-- ACTIVITY --
The copy should begin at the line containing "テーブルを囲むように配置する" and end at the last line of the material. Please reproduce those lines exactly and keep pictures out.

-- DATA SHOWN --
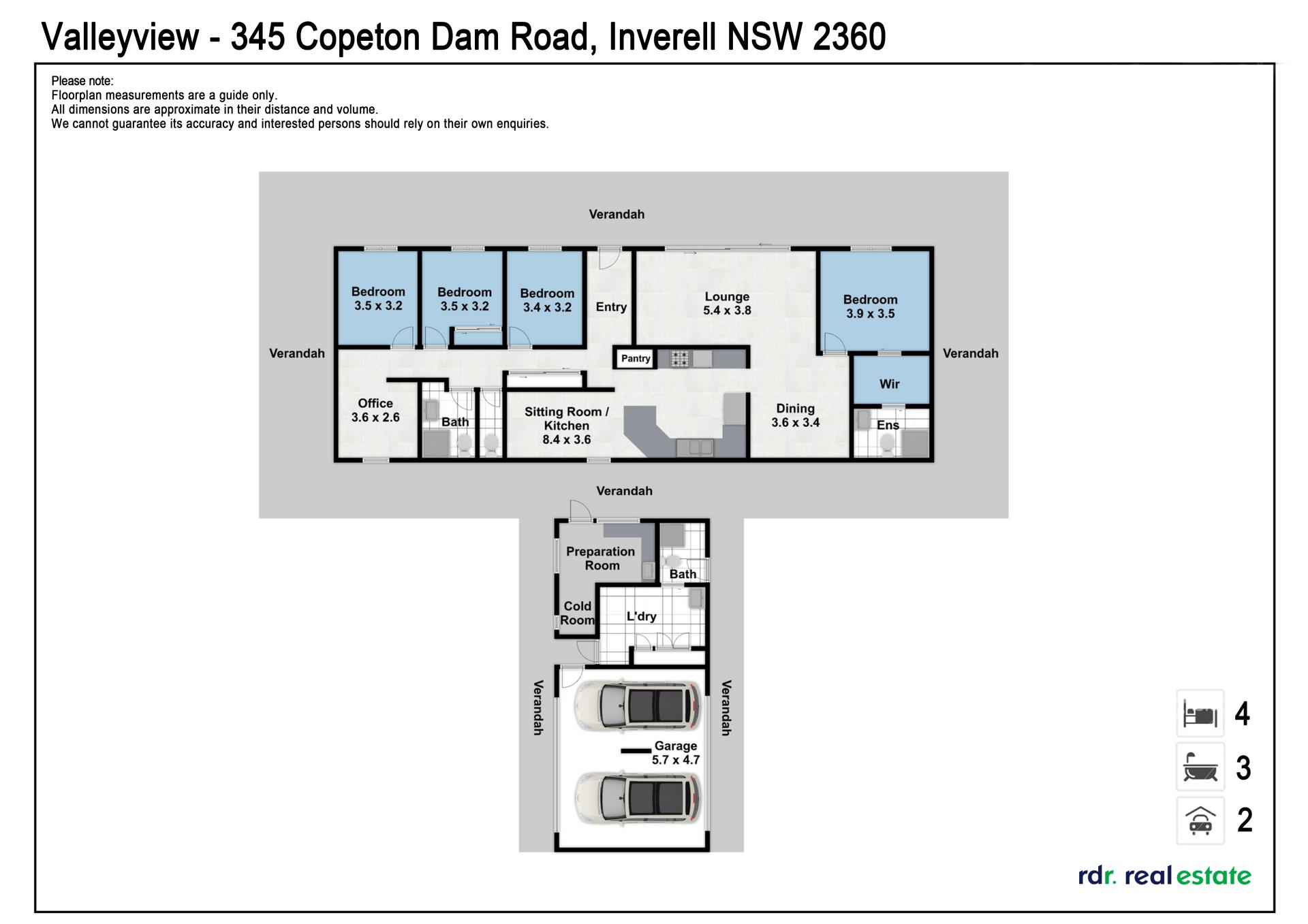 Breezeway connects the main home to the double drive-through garage with electric roller doors, laundry, bathroom, and preparation and cool room.
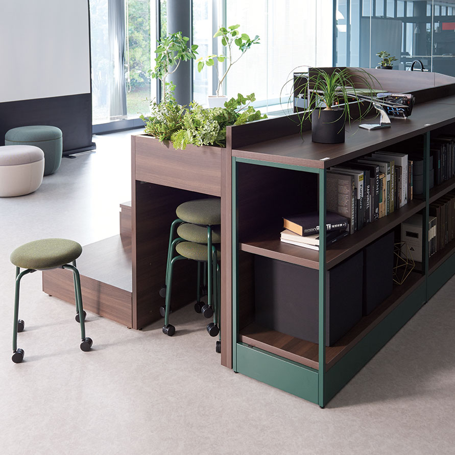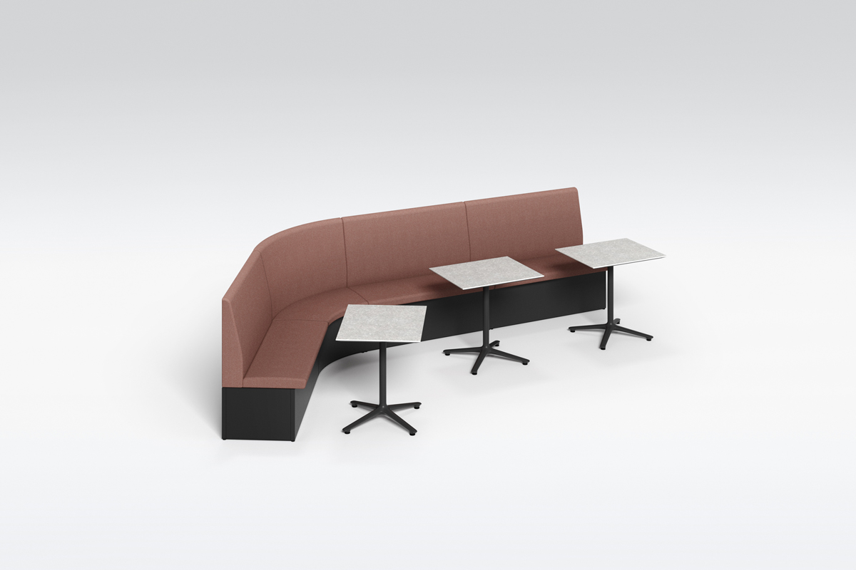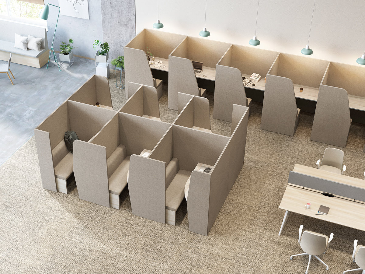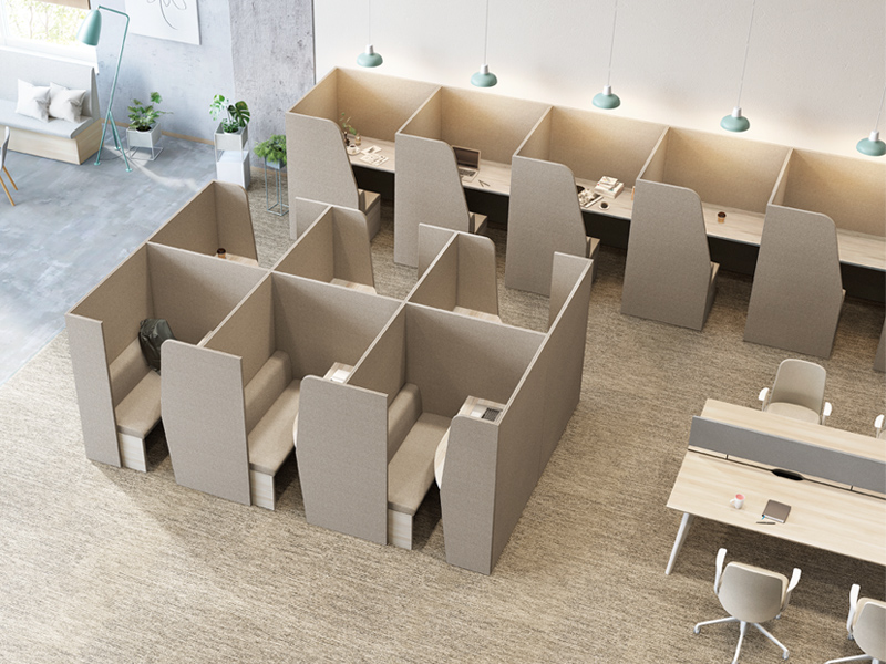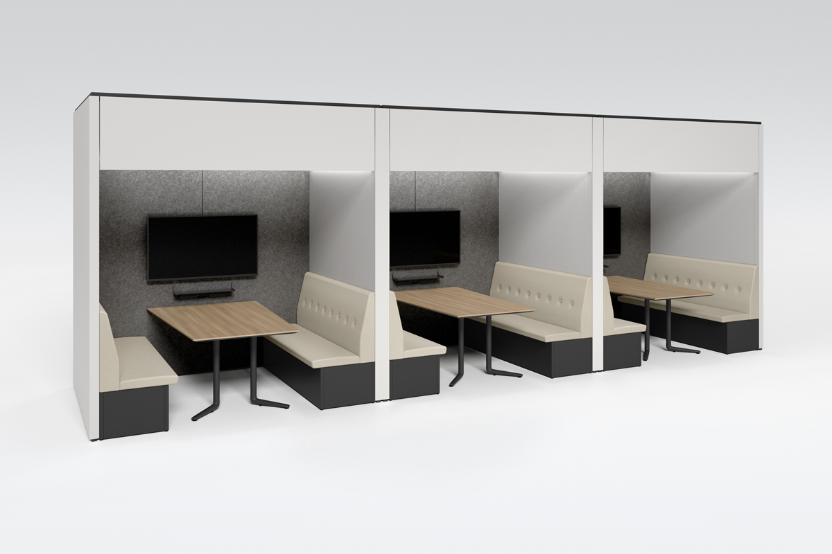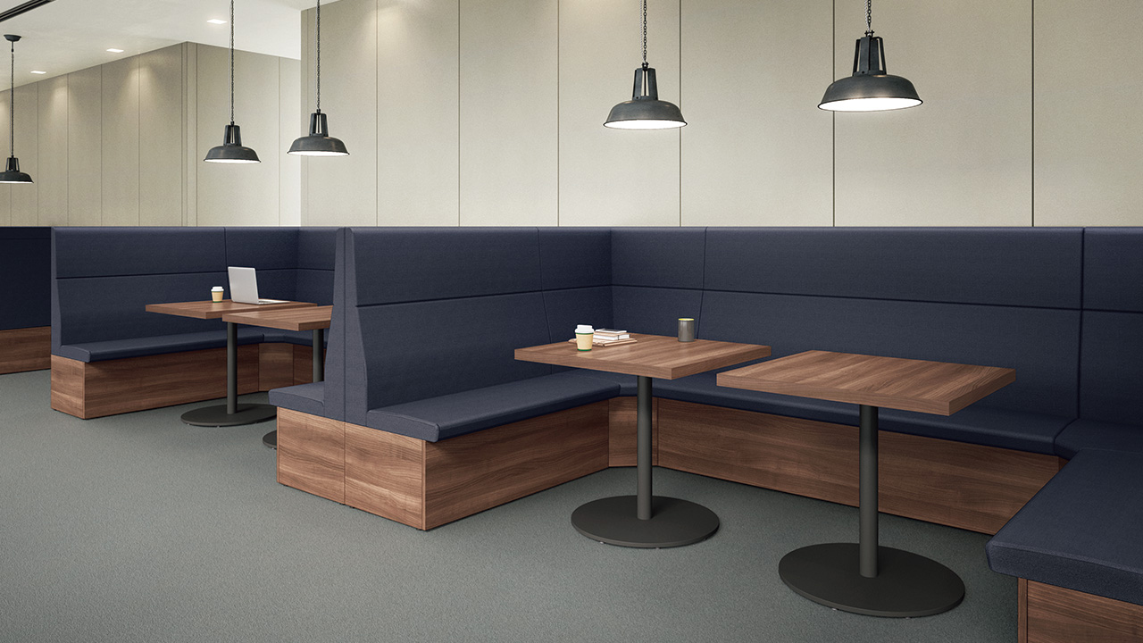 テーブルを囲むように配置することで、少人数でのミーティングが可能なレイアウト。必要に応じてソファベンチの背面にパネルやスペーサーを置くことで、周囲からの視線を遮ったり、距離をとることができます。
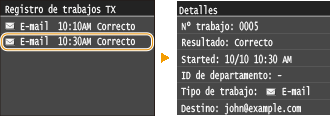 Cuando <Mostrar registro de trabajos> esté establecido en <Off>, no podrá comprobar los registros de los documentos enviados. Mostrar registro de trabajos

-- OUTPUT FOR THIS EXERCISE --
 テーブルを囲むように配置することで、少人数でのミーティングが可能なレイアウト。必要に応じてソファベンチの背面にパネルやスペーサーを置くことで、周囲からの視線を遮ったり、距離をとることができます。
 Cuando <Mostrar registro de trabajos> esté establecido en <Off>, no podrá comprobar los registros de los documentos enviados. Mostrar registro de trabajos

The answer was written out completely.